** Records supplied follows **

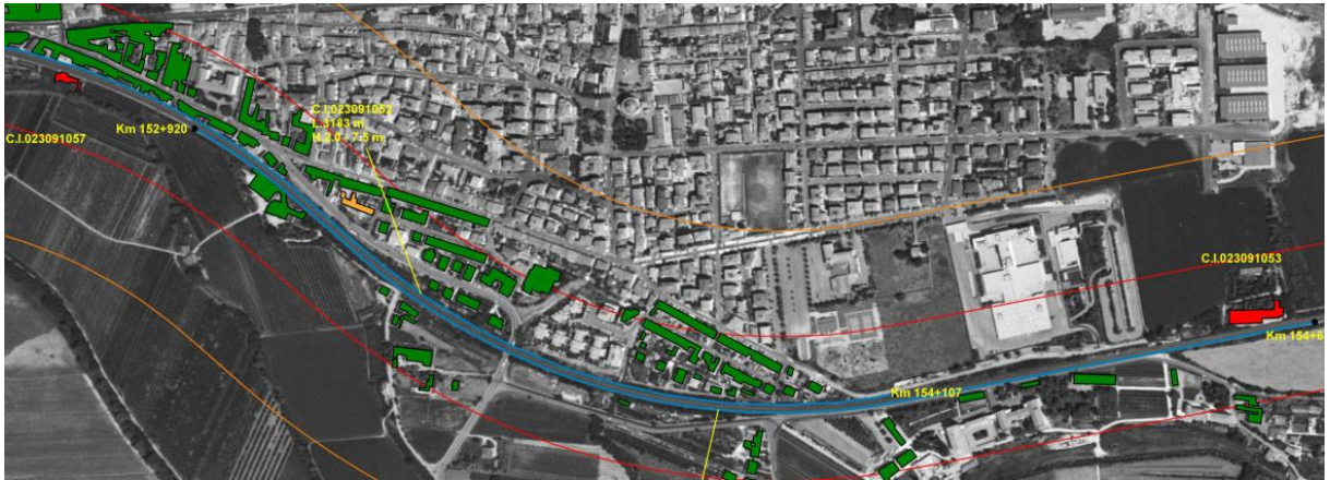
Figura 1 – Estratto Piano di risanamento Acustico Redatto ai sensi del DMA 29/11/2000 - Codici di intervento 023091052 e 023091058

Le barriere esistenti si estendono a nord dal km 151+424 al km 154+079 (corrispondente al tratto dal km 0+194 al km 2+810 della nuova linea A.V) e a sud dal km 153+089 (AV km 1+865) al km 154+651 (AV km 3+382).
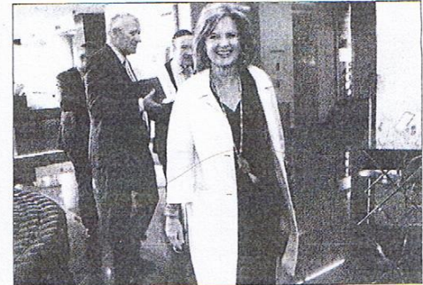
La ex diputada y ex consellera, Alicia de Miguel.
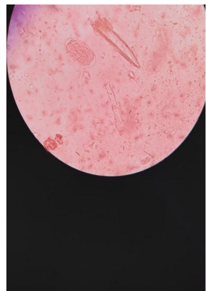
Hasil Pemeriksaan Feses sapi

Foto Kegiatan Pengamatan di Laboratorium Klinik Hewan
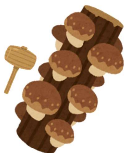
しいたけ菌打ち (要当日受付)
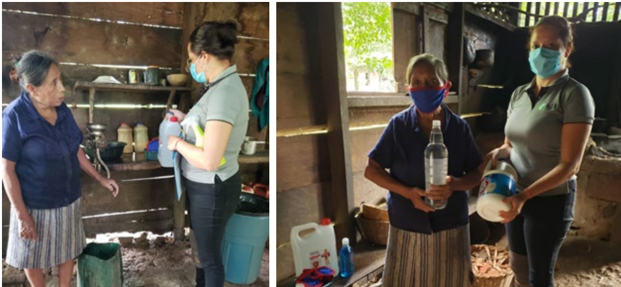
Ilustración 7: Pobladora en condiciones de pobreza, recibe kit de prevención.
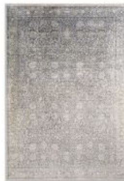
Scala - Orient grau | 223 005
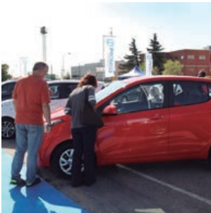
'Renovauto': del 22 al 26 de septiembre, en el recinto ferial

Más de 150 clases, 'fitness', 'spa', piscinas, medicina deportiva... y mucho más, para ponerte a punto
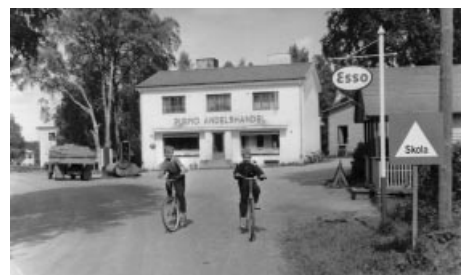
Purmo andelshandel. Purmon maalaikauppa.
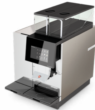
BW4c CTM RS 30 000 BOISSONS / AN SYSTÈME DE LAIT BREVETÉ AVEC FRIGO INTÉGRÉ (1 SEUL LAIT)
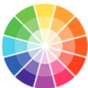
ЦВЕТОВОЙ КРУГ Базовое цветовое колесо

** End of Records supplied **

— What you are asked to do —
Please repeat exactly the lines from the one containing "Hasil Pemeriksaan Feses sapi" through the end of the entries, both included, omitting pictures.

— Exercise solution —
Hasil Pemeriksaan Feses sapi

Foto Kegiatan Pengamatan di Laboratorium Klinik Hewan
しいたけ菌打ち (要当日受付)
Ilustración 7: Pobladora en condiciones de pobreza, recibe kit de prevención.
Scala - Orient grau | 223 005
'Renovauto': del 22 al 26 de septiembre, en el recinto ferial

Más de 150 clases, 'fitness', 'spa', piscinas, medicina deportiva... y mucho más, para ponerte a punto
Purmo andelshandel. Purmon maalaikauppa.
BW4c CTM RS 30 000 BOISSONS / AN SYSTÈME DE LAIT BREVETÉ AVEC FRIGO INTÉGRÉ (1 SEUL LAIT)
ЦВЕТОВОЙ КРУГ Базовое цветовое колесо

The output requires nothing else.